Assorted technical notes

  • Developing on Windows: You may encounter some issues when developing directly on Windows (Jest does not seem to run), we suggest you use the Docker container and commands (e.g. yarn run docker-up)
  • Preact vs React: After initially planning to use Preact, we've stayed with react-dom for using the components in other systems. This ensures that the Storybook and other system runtimes remain similar, avoiding issues with React-only components (e.g. react-leaflet).
  • TypeScript support: While the default implementation uses JSX and JavaScript, TypeScript is fully supported.

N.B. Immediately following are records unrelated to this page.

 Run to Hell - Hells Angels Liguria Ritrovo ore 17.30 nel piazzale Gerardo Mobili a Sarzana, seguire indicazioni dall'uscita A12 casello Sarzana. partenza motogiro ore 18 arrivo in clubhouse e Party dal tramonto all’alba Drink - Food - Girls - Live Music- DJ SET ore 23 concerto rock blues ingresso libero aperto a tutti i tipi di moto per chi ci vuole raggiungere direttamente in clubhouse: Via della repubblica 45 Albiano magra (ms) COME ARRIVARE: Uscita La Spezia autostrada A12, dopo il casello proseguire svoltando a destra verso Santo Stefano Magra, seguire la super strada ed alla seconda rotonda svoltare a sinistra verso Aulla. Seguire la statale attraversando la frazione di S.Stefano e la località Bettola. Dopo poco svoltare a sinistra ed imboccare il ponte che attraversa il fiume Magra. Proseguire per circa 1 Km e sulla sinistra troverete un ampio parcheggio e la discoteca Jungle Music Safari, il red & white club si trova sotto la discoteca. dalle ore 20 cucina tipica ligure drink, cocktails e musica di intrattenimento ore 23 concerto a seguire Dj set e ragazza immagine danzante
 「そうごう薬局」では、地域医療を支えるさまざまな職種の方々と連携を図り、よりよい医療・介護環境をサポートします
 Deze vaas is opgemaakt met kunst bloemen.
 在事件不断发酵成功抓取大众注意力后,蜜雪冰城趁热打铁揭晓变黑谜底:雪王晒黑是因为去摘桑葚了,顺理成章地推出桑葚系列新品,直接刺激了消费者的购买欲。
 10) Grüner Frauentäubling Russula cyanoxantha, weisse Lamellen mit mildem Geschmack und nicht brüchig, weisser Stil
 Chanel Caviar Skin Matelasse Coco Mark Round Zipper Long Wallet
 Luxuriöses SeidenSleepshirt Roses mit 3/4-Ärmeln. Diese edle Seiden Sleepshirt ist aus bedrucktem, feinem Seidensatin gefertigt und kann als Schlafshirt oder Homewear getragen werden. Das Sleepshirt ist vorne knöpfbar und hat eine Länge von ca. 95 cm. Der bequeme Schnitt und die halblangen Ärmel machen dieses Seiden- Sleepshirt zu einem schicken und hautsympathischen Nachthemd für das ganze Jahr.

You can view examples of TypeScript components in the TypeScript Example Component (code location: stories/Components/TypeScriptExampleComponent)

LICENSE

Components and code are Apache 2.0 licensed. The UNDRR look and feel is proprietary.

Credit

The base configuration and bootstrapping of this Storybook-powered library was done based off the UNDP Design System, which is MIT licensed, but done with their kind blessing.